*** Exercise data ***
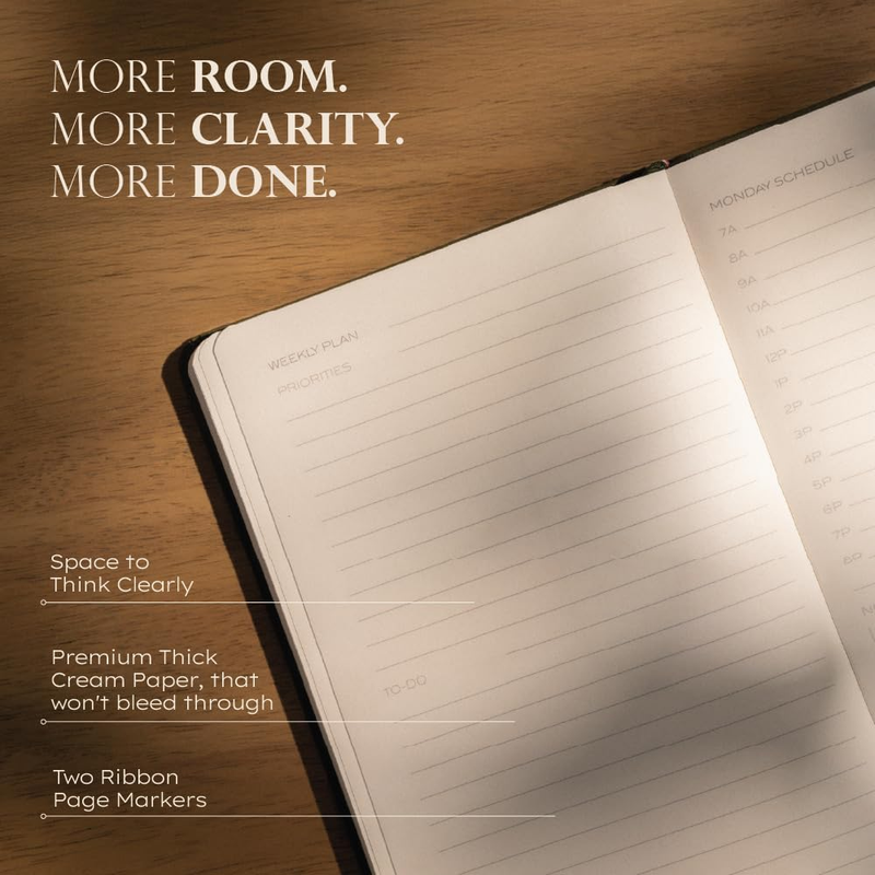 High-Quality Writing Experience: Enjoy a flawless writing experience without the worry of bleeding, thanks to 100gsm Cream Paper, perfect for markers highlighters. This day planner notebook elevates note-taking and planning, making it an indispensable tool for professionals.
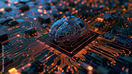 An illustration of a brain made of metal and wires on a circuit board. The brain is glowing and there are binary numbers flowing around it.
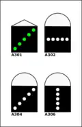 Předvěsti typu L jsou tvořena několika barevnými světly umístěnými na čtvercové nebo obdélníkové desce. | |
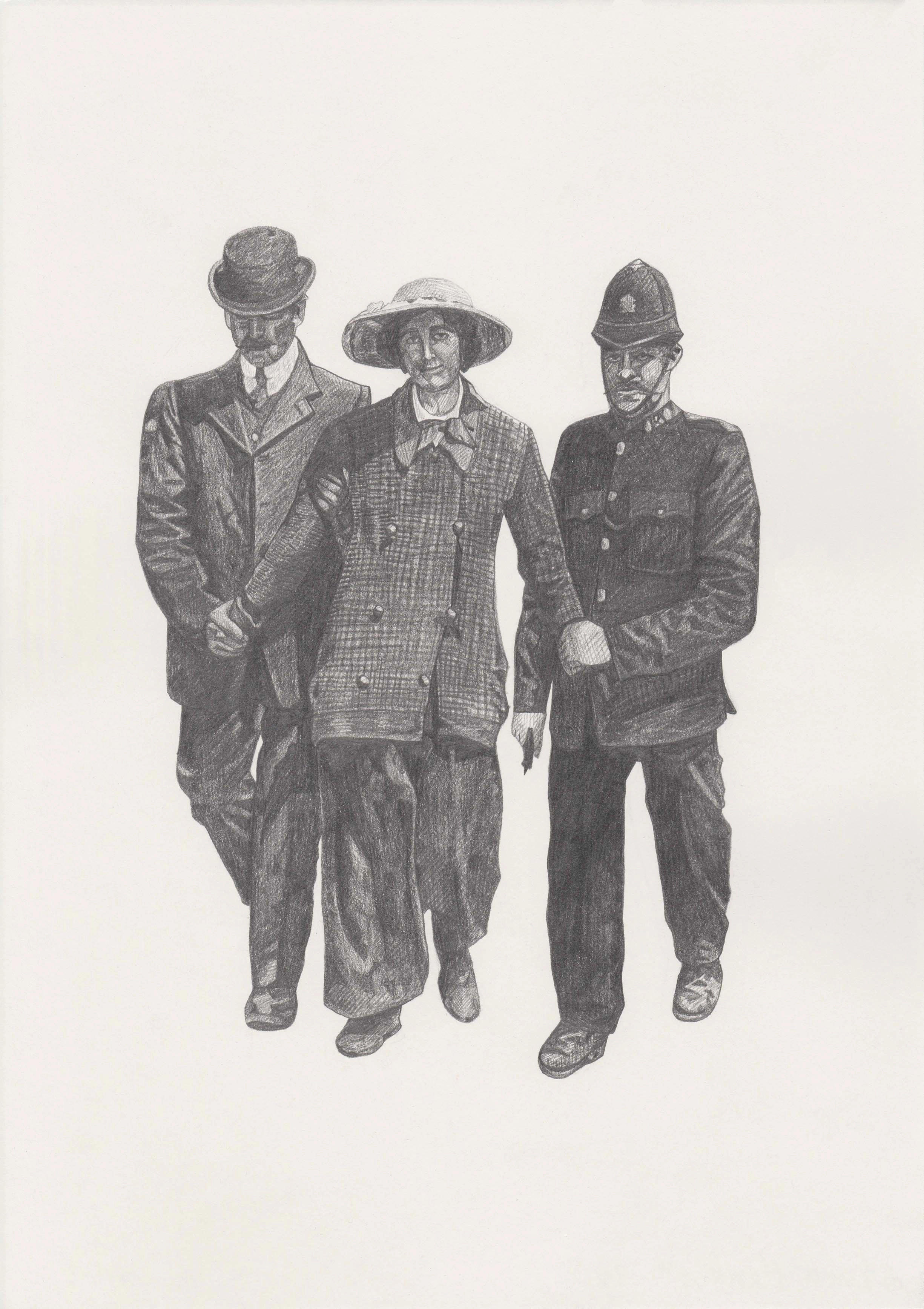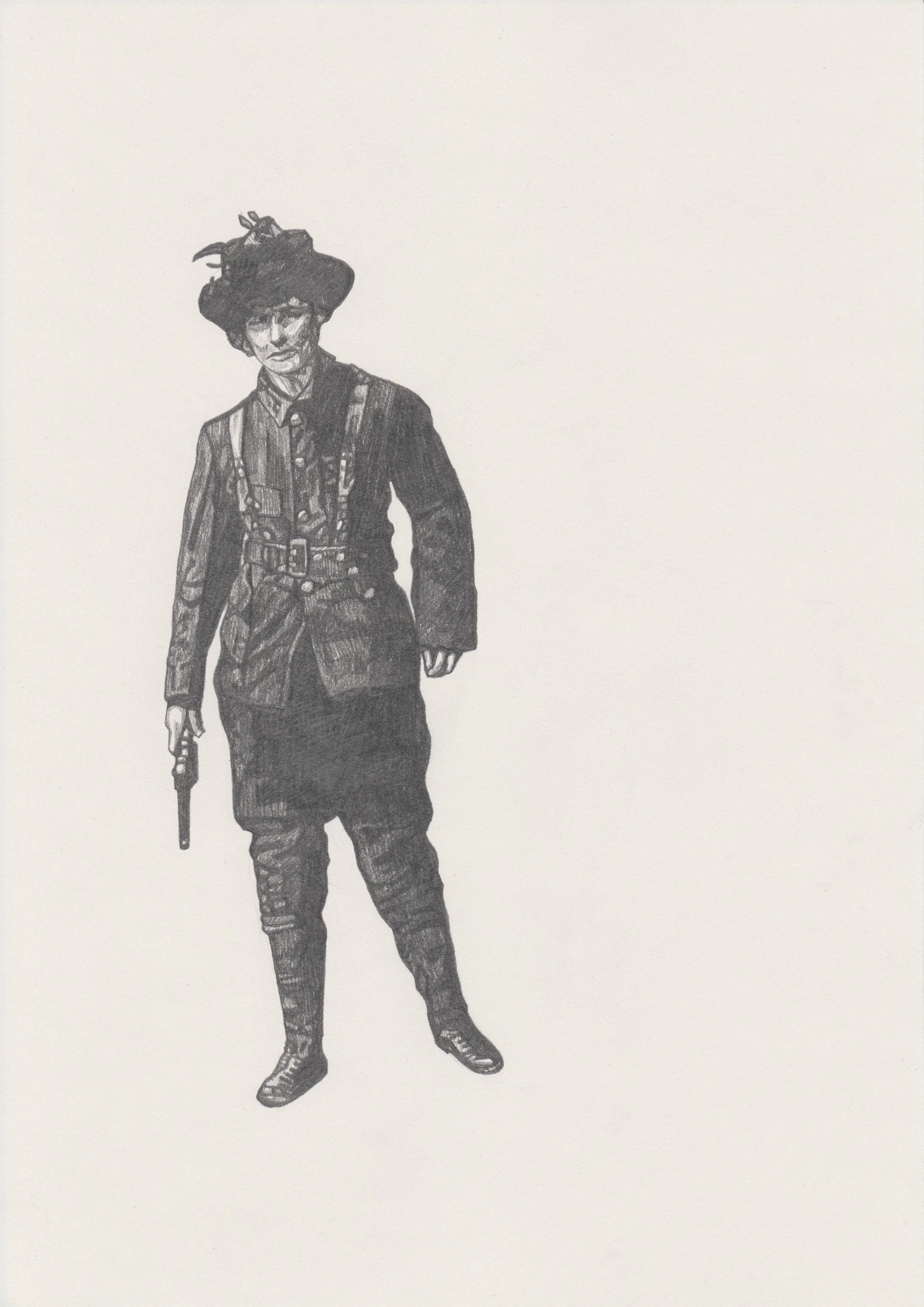 An ongoing series of drawings of female rebels, troublemakers, cross-dressers, lesbians and viragos affiliated with the suffragette movement.
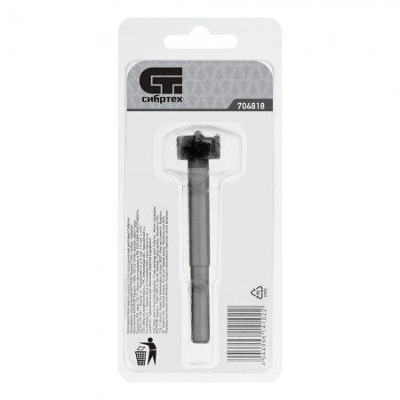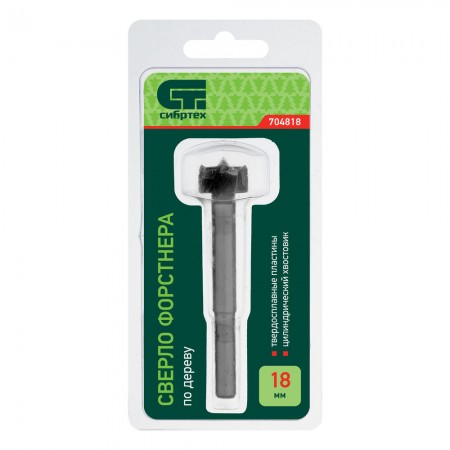 Сверло Форстнера по дереву, 18 мм, цилиндрический хвостовик Сибртех (704818)
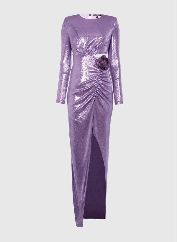 Confeccionado em malha, o Vestido caimento justo, mangas longas, decote redondo, recorte vazado na cintura, detalhe franzido frontal com fenda, barra assimétrica, broche removível, comprimento longo e acabamento pespontado.
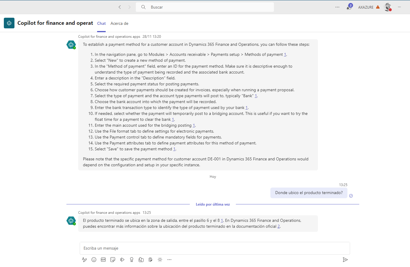 La funcionalidad que nos ofrece es la de, mediante lenguaje natural, resolver dudas sobre el uso de FO que obtiene del sitio de Learn (https://learn.microsoft.com/en-us/dynamics365) de Dynamics 365:
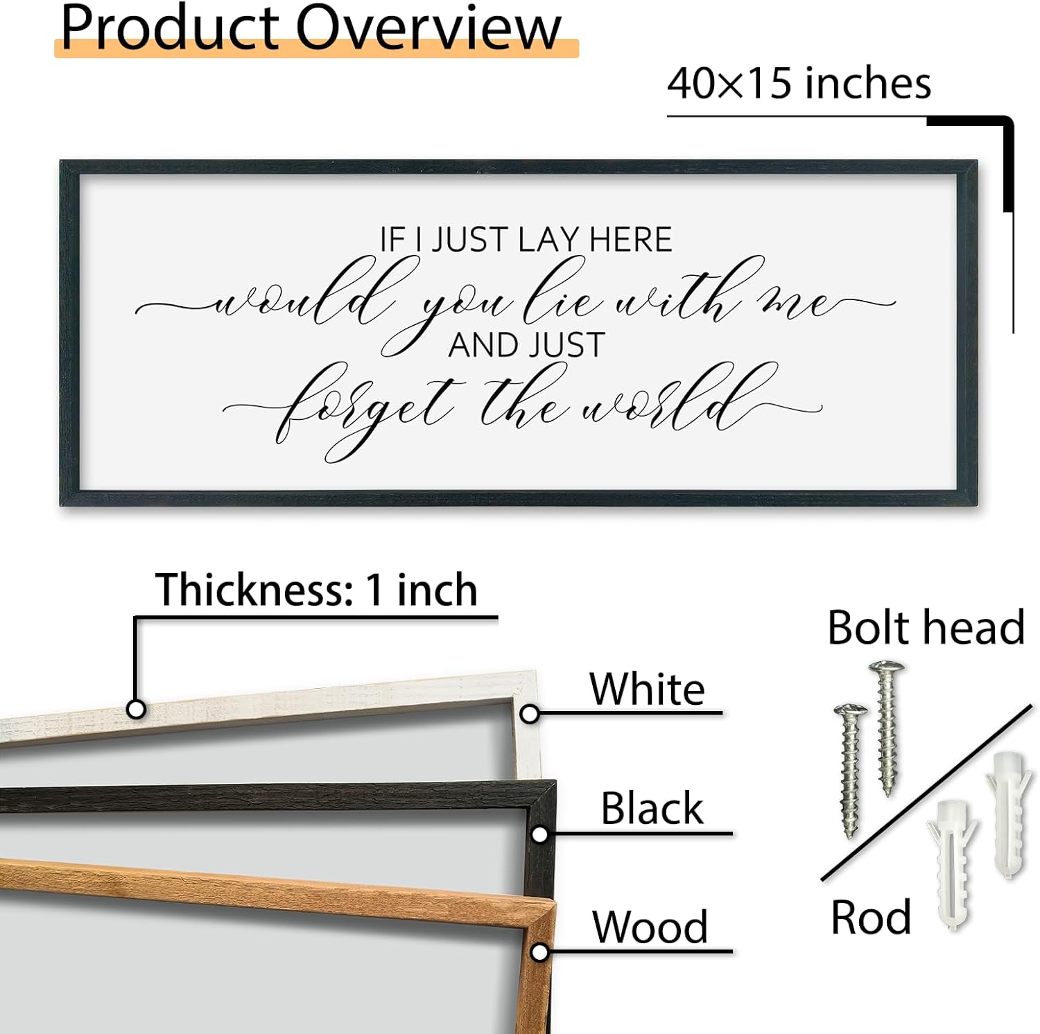 SRSZHIYUE If I Lay Here Would You Lie With Me Sign Bedroom Wall Decor Art 40"×15" Large Wood Framed Wall Hanging (Black)
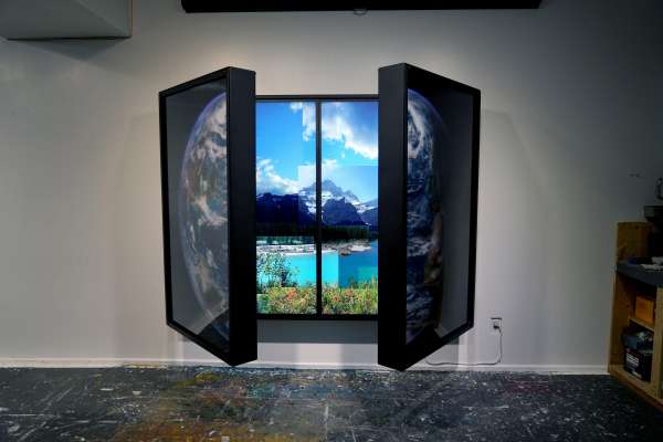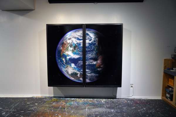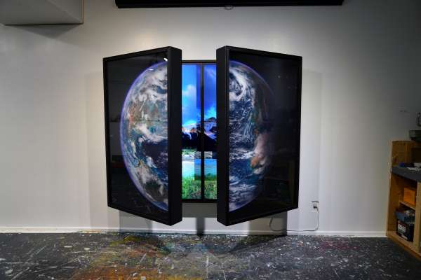 Physically, the work manifests as an interactive “altarpiece” fashioned after Bosch’s renaissance masterwork ‘THE GARDEN OF EARTHLY DELIGHTS’. The side panels of the triptych are hinged and open like cupboard doors. When the doors of CODEX RUNDLE are closed, viewers are presented with a 3D lenticular image of the Earth as viewed from outer space. Opening the panels initiates a “zoom” from the celestial to the terrestrial.
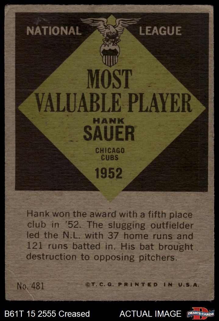 1961 Topps #481 Most Valuable Player
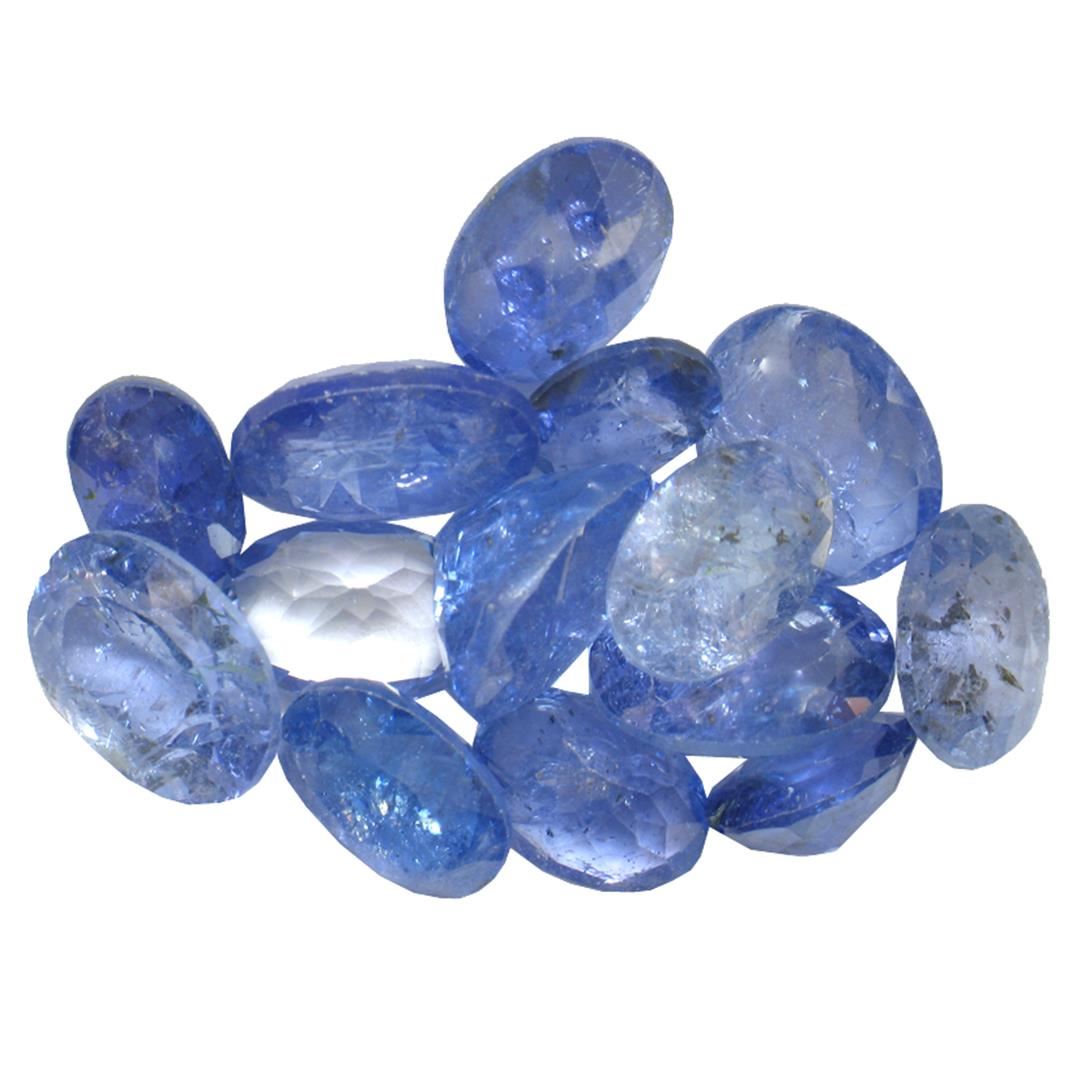 Fourteen oval mixed cut natural tanzanites exact total weight 13.94ct., clarity is moderately included, type I, medium dark, very slightly grayish, bluish violet color, (GIA bV 6/3), cut is good. Transmitting light with a minimum of distortion, transparent. Naturally occurring internal & external characteristics are present. Color grade is an average for the group. Tanzanite is a very rare gemstone that is only found in the country of Tanzania. Originally discovered in 1967. Tiffany & Company, named the stone Tanzanite. It is found in the Usumburu Mountains that border the Umba Valley of northern Tanzania. Tanzanite occurs in gray, brown, violet, blue, reddish-purple, & green. The gem is interesting because of its exceptional pleochroism. Rotated in different directions a tanzanite will exhibit multiple changes of color. Tanzanite has a low tolerance to ultrasonic cleaning, and should not be cleaned using this method. Westfield Appraised at $1,340.00.
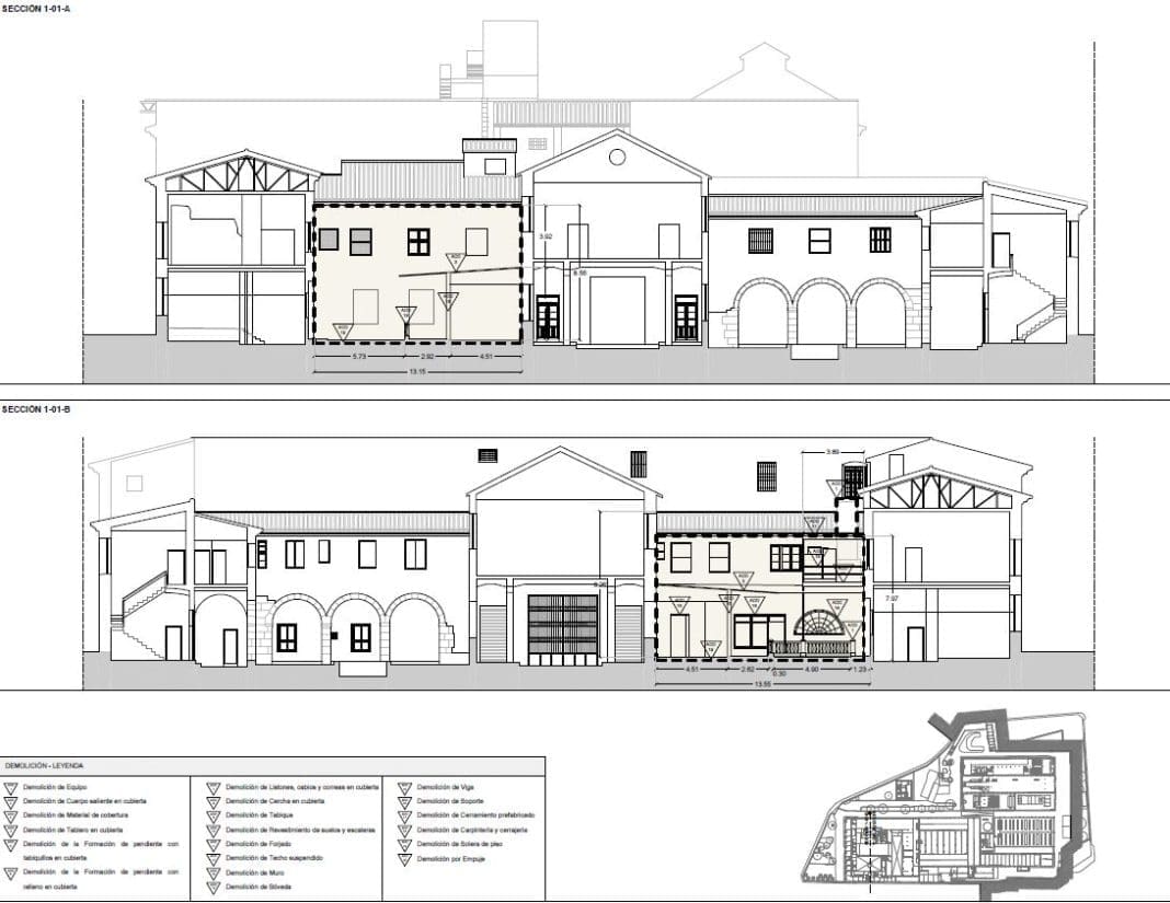 La actuación contempla cuatro fases para recuperar el claustro original, el patio interior, la fachada sur y la nave de cuchillos metálicos del siglo XIX con el derribo de edificaciones adheridas de baja calidad al edificio primitivo.
*** End of Exercise data ***
Both boundary lines included, write out word for word only the lines above from the one containing "La funcionalidad que" to the one containing "1961 Topps #481 Most Valuable Player", leaving out any pictures.

 La funcionalidad que nos ofrece es la de, mediante lenguaje natural, resolver dudas sobre el uso de FO que obtiene del sitio de Learn (https://learn.microsoft.com/en-us/dynamics365) de Dynamics 365:
 SRSZHIYUE If I Lay Here Would You Lie With Me Sign Bedroom Wall Decor Art 40"×15" Large Wood Framed Wall Hanging (Black)
 Physically, the work manifests as an interactive “altarpiece” fashioned after Bosch’s renaissance masterwork ‘THE GARDEN OF EARTHLY DELIGHTS’. The side panels of the triptych are hinged and open like cupboard doors. When the doors of CODEX RUNDLE are closed, viewers are presented with a 3D lenticular image of the Earth as viewed from outer space. Opening the panels initiates a “zoom” from the celestial to the terrestrial.
 1961 Topps #481 Most Valuable Player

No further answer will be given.